The Bright Clear Skies of Glorious Spring
Only the politicians
Can doze off.
[signed] The common people

…This short comic poem called a senryou, parallel to a haiku, appeared at the bottom of a page in a Japanese newspaper in 2001. Television cameras had captured lawmakers asleep on their Parliament benches at the height of an economic crisis. The Lenos and Lettermans of another culture might have "built it up into a massive comedy routine," said Jessica Milner Davis, editor of "Understanding Humor in Japan," a book of essays to be published next month by Wayne State University Press. But the Japanese permitted themselves only this tiny sly comment in a clearly signaled form, lest they break the conventions of politeness…

From Wikipedia, the free encyclopedia.

Some senryu skirt the line between haiku and senryu. The following senryu by Shūji Terayama copies the haiku structure faithfully, down to a blatantly obvious kigo, but on closer inspection is absurd in its content:

Hide and seek
Count to three
Winter comes

Terayama, who wrote about playing hide-and-go-seek in the graveyard as a child, thought of himself as the odd-guy out, the one who was always "it" in hide-and-go-seek. Indeed, the original haiku included the theme "oni" (the "it" in Japanese is a demon, though in some parts a very young child forced to play "it" was called a "sea slug" (namako)). To him, seeing a game of hide-and-go seek, or recalling it as it grew cold would be a chilling experience. Terayama might also have recalled opening his eyes and finding himself all alone, feeling the cold more intensely than he did a minute before among other children. Either way, any genuinely personal experience would be haiku and not senryu in the classic sense. If you think Terayama's poem uses a child's game to express in hyperbolic metaphor how, in retrospect, life is short, and nothing more, then this would indeed work as a senryu. Otherwise, it is a bona fide haiku.

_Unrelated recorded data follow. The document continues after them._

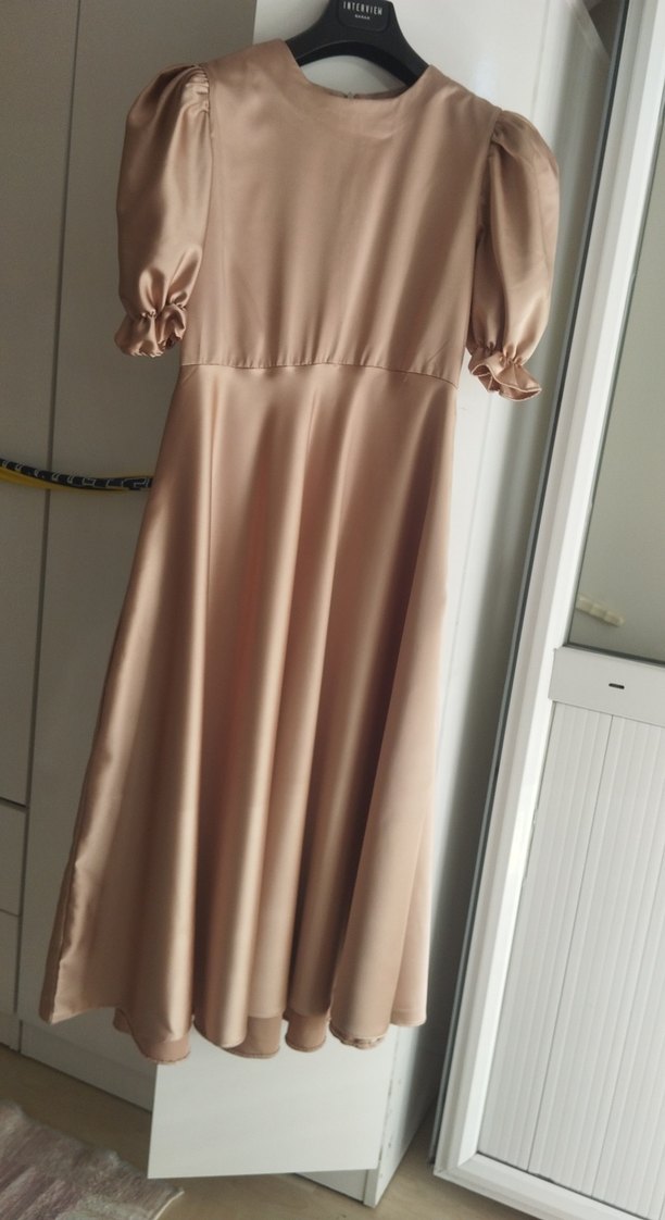 Bej renkli, ipek görünümlü uzun elbise, bol kesim ve V yaka ile. Drapeli detaylara ve ince askılı kollara sahip, modern klasik tarzda, düğünler için uygun. özel dikim üründür.omuzdan bel dikişi 35 cm etek boyu 83 cm on boyu 89 cm arka boyu
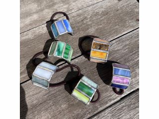 色とりどりの長方形の色ガラスから5枚選んで銅テープ貼りからハンダ付けを体験できる1時間半コース。ヘアアクセサリー以外にもアイディアがあればアレンジOK!
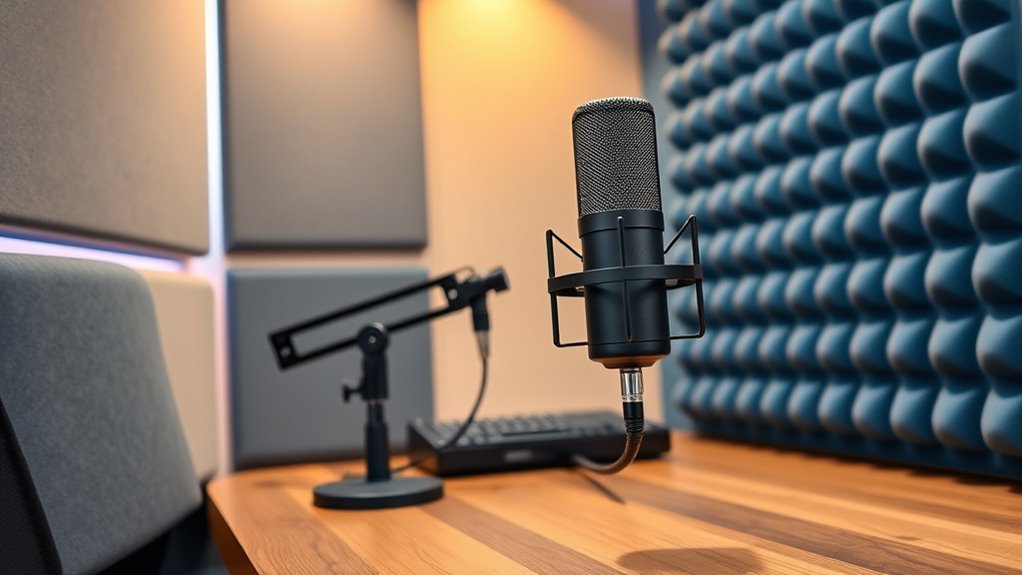 Choosing the right microphone type and pattern is essential for achieving clear, focused sound in your podcast. Cardioid microphones are popular because they pick up sound primarily from the front, which helps minimize background noise. Dynamic microphones are durable and excel at rejecting ambient noise, making them perfect for noisy environments. Condenser microphones offer higher sensitivity and a broader frequency response, ideal for studio-quality recordings, but they require a sound-treated space. Omnidirectional microphones capture sound from all directions, suitable for group recordings but more prone to background noise. The microphone pattern notably impacts how well your voice is isolated and how much environmental sound is picked up. Selecting the appropriate type and pattern depends on your recording environment and specific podcasting needs.

Much modern haiku is more similar to senryu than to traditional Japanese haiku. Most English haiku and senryū poets no longer adhere to the 5-7-5 syllable form, which is suitable for the Japanese language, but which may lead English poets to produce over-long and sometimes stilted poems. Many modern haijin (haiku/senryu poets) use the "one deep breath" rule: take a deep breath and you should be able to read the poem aloud.